Nichtsdestotrotz, galt auch Source die Ehre sich als Vorzeigetitel in diversen professionellen Ligen zu präsentieren und mittlerweile zu etablieren. Die Cyberathlete Professional League war eine der ersten Ligen, die nicht nur durch eine Amateur Liga, in der Counter-Strike: Source eingesetzt wurde, sondern auch durch die Umschaltung von Counter-Strike auf Counter-Strike: Source in den Hauptturnieren der CPL, welche alle sechs Monate stattfanden, eine neue Agenda aufstellte - vergebens. Denn nur ein Jahr konnte man CSS Teams nach Dallas, USA, locken, danach sank die Anzahl an professionellen Teams rund um den Globus wieder rapide ab und man musste auf das gute alte Counter-Strike setzen. Die Veranstalter der World Cyber Games machten ebenfalls den gleichen Fehler und riskierten im gleichen Jahr auch den Griff nach Counter-Strike: Source - im nächsten Jahr fand man Counter-Strike in den Turnieren wieder. Einzig die Electronic Sports League wagte den Schritt zusätzlich zu den Profiligen in Counter-Strike auch Counter-Strike: Source Ligen hinzuzufügen.

Auf die Frage welche Zukunft Counter-Strike: Source habe, antwortete mTw.AMDs Counter-Strike: Source Spieler: „Die Zukunft von CSS ist etwas schwer einzuschätzen. Wie man ja z.B. an Quake 3 zurzeit sieht, gibt es Spiele, die nicht "altern". So ist es meiner Meinung nach mit CS 1.6 auch. D.h. es könnte sein, dass CS 1.6 nie aussterben wird. Allerdings kann auch das Szenario eintreffen, in dem die Sponsoren nur noch CSS supporten wollen und somit fast ausschließlich CSS Turniere angeboten werden."

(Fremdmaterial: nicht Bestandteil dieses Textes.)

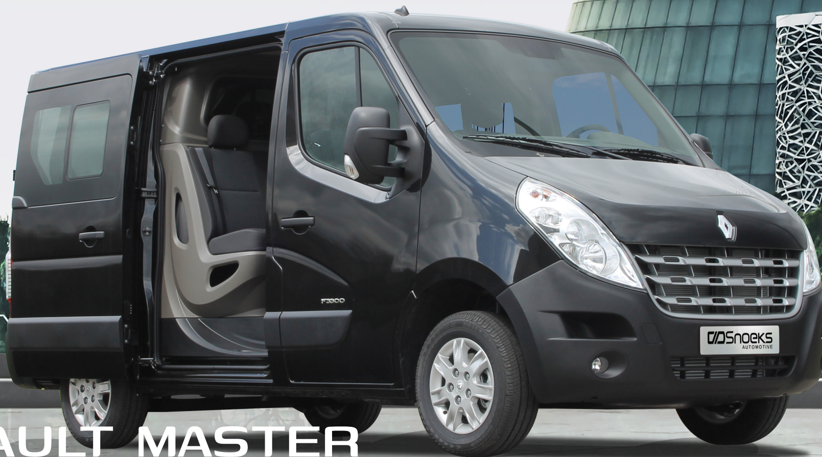
RENAULT MASTER Crew Cab
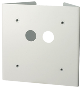
Old DWC-PMB-WLW hardware

The optimized universal DWC-PMB-WLW hardware now supports multiple products and will replace all other current pole mounts. The new hardware will include numbered mounting points, each number compatible with different wall mounts and junction boxes. Refer to the table below for supported products.
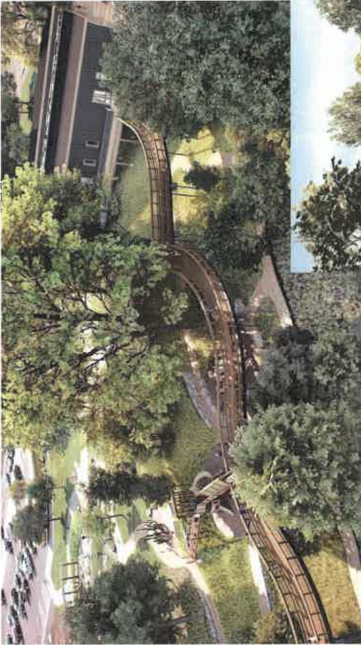
BIRD'S EYE VIEW - TREETOP TRAIL & NATURE PLAY
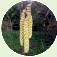
Hazel catkins
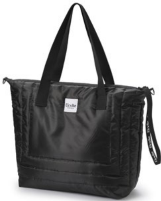
Black Quilted 50670155120NA
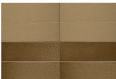
4"x12" Aura Moss Matte/Glossy
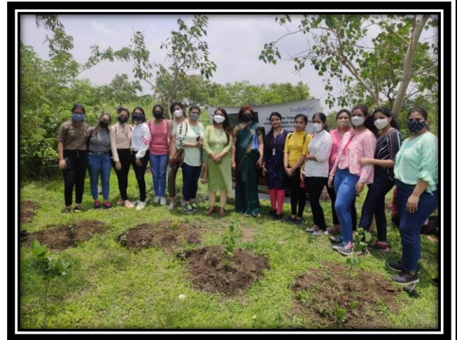
Plantation Drive at Sindhoda Village
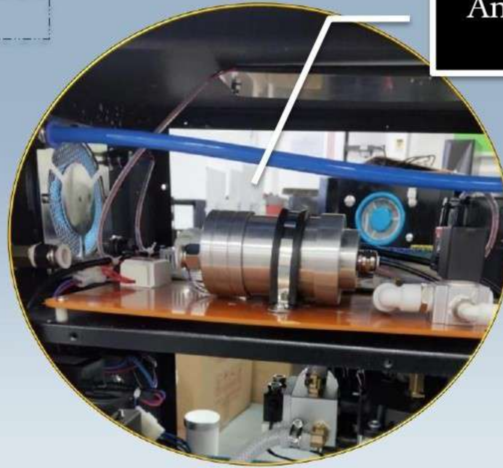
Anti-virus Generator Container

Nano water ions wrapped by moisture can easily adhere to the surface of various bacteria. Then it allows the large amount of hydrogen oxygen free radicals contained in itself to fully contact with the bacteria, and draws out the hydrogen ions from the bacteria and combines them into water. In this way, various bacteria are inactivated and the effect of germ removal is achieved. In addition to deodorization, nano water ions can also penetrate deep into the fiber and extract hydrogen ions from bacteria that form odor, thus achieving deodorization.
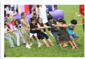
Some pictures of the AMA Fun day 2009.
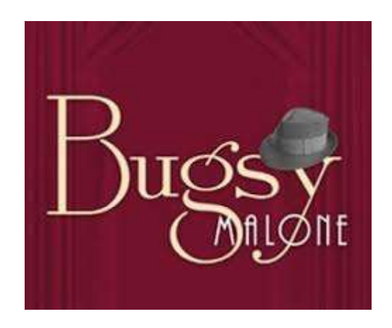
The Year 6 Production of 'Bugsy Malone' received rave reviews from children, staff and parents! Well done Year 6!
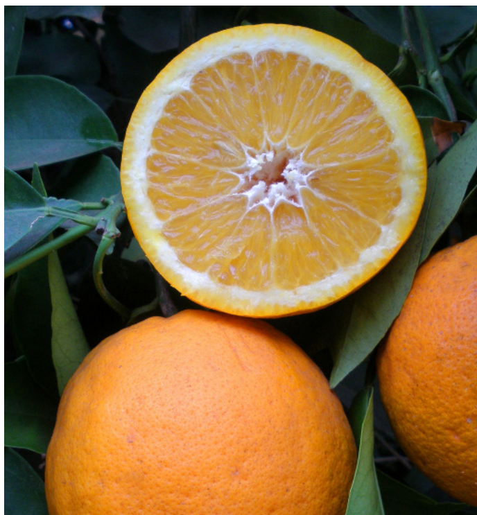
Figure 5. 'Hamlin' sweet orange.

This selection originated as a seedling in Florida in 1860, probably from fruit brought to Charleston, South Carolina from China 18 . 'Pineapple' orange trees are medium to large-sized and very productive, although they tend to bear in alternate years. 'Pineapple' trees are also susceptible to
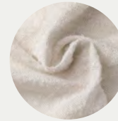
Off White 11
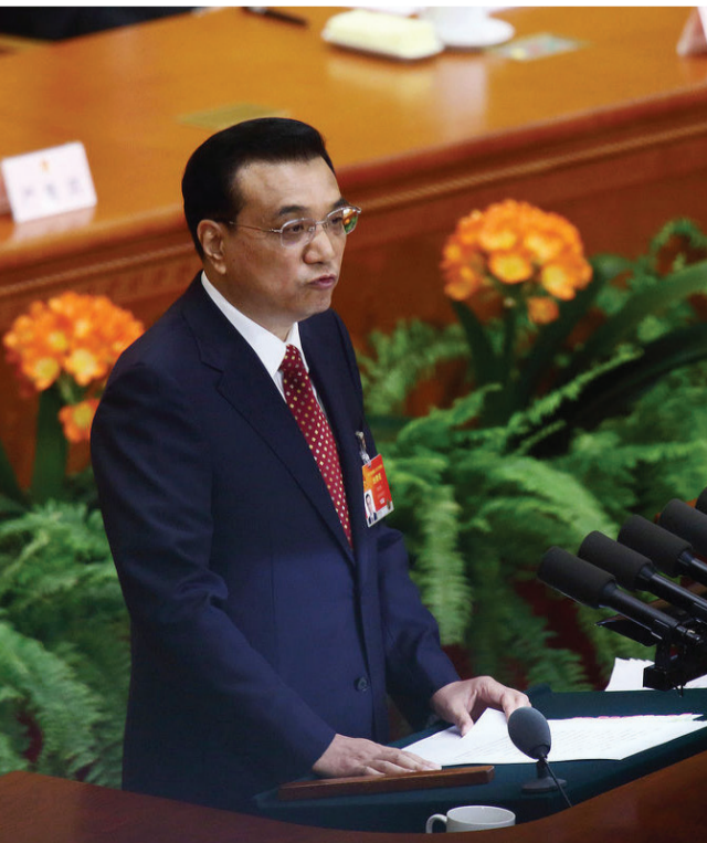
China's Premier Li Keqiang
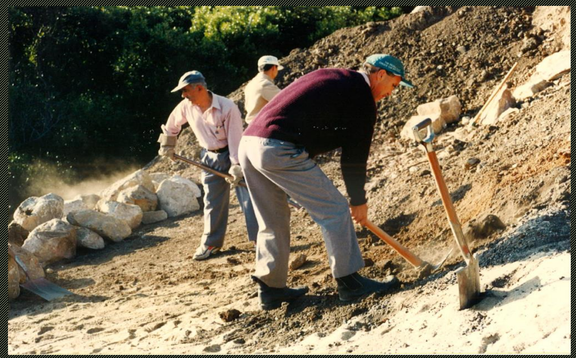
DEET program – providing skills to the unemployed under the funding
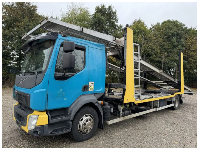
Volvo FL 280 4X2 - *TIK IN DE MOTOR* + EURO 6 + WINCH
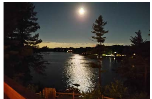
2022 First Place Winner - "It's a Marvelous Night for a Moondance" by Candice Tazbier

We have been accepting submissions for the 2023 Photo Contest throughout the summer. The deadline to enter is September 5, so stay tuned on our website at lith.org/photocontest and on our social media channels to participate in the voting process! Help us determine which photo best captures life in Lake in the Hills.
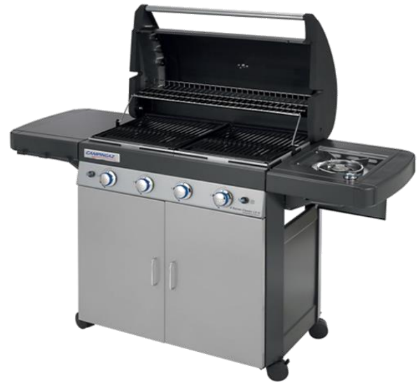
4 SERIES CLASSIC LS G
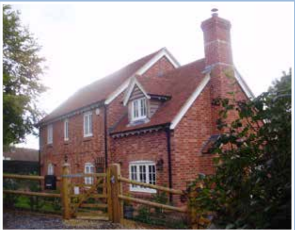
Good example of a new house in the conservation area with traditional detailing and materials.

If you are thinking of submitting a planning application for development in the conservation area, it may be helpful to use a planning agent; and if the proposals are significant, or on a sensitive site, consider appointing an architect familiar with this type of work. Advice on employing an architect can be obtained from the Royal Institute of Architects (contact details on back cover).
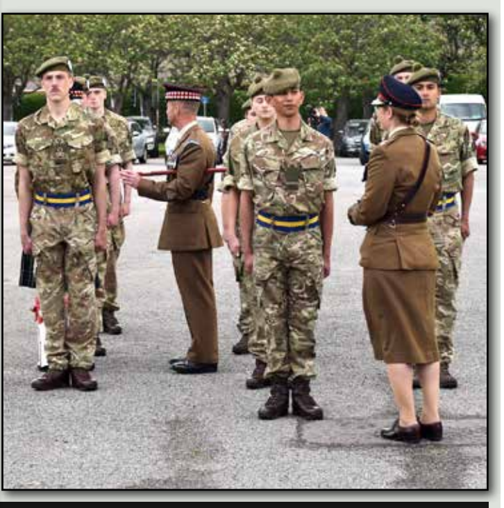
Aberdeen UOTC cadets being inspected.
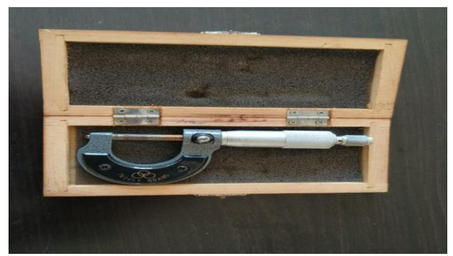
Figure 3. Micrometer screw

A screw micrometer is a measuring tool capable of measuring the thickness of objects and has an accuracy of 0.1 mm. objects that can be measured using a screw micrometer are metal plates and ball diameter. The shape of the screw micrometer can be seen in Figure 2.
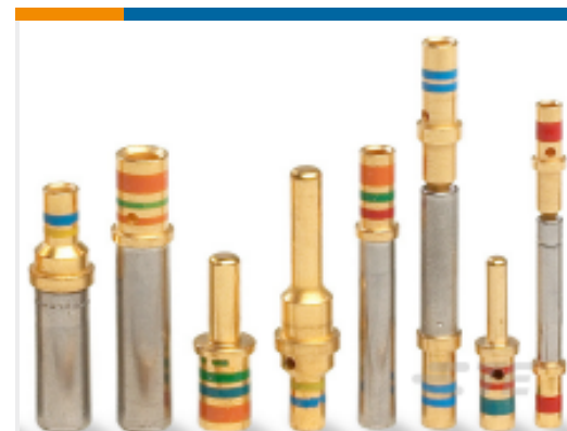
TE Part #12333-20 CONT SOC ASSY
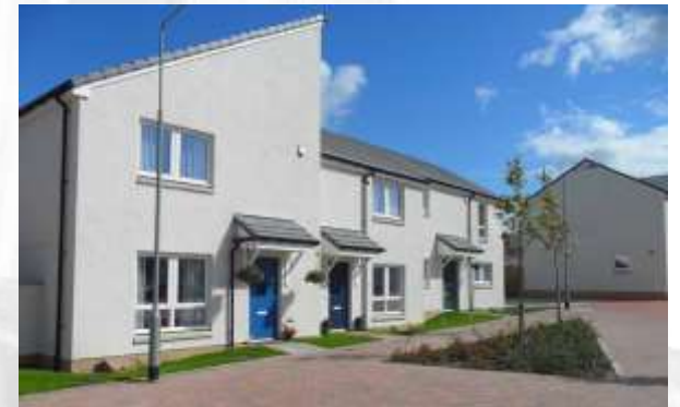
New Build Housing Programme £142m

„Selbst ohne die Unterstützung der CGS wächst CSS und immer mehr LAN-Veranstalter halten CSS-Turniere mit immer größeren Preisgeldern ab. Als ich das Spiel zum ersten Mal spielte, musste ich zugeben, dass die Hitboxen einfach grauenvoll im Spiel platziert wurden, und insgesamt war alles noch sehr entwicklungsbedürftig. Dieses Problem ist nun allerdings schon drei bis vier Jahre her und ich muss sagen, die anfänglichen Probleme wurden seitdem beseitigt und das Spiel wirkt dank den Bugfixes deutlich realistischer, aber die meisten Leute denken, dass Spiel würde die gleichen Mängel wie vor einigen Jahren noch aufweisen. Ich kann dies nur verneinen", ergänzt Eric "HaZ" Holm, Counter-Strike: Source Spieler bei Stockholm Magnetik. „Ich habe so meine Zweifel darüber, ob Counter-Strike noch viel länger aktiv in den Profiligen gespielt wird, selbst Counter-Strike: Source beginnt schon zu altern. Ich hoffe der ProMod wird die CS Spieler von der Source Engine überzeugen."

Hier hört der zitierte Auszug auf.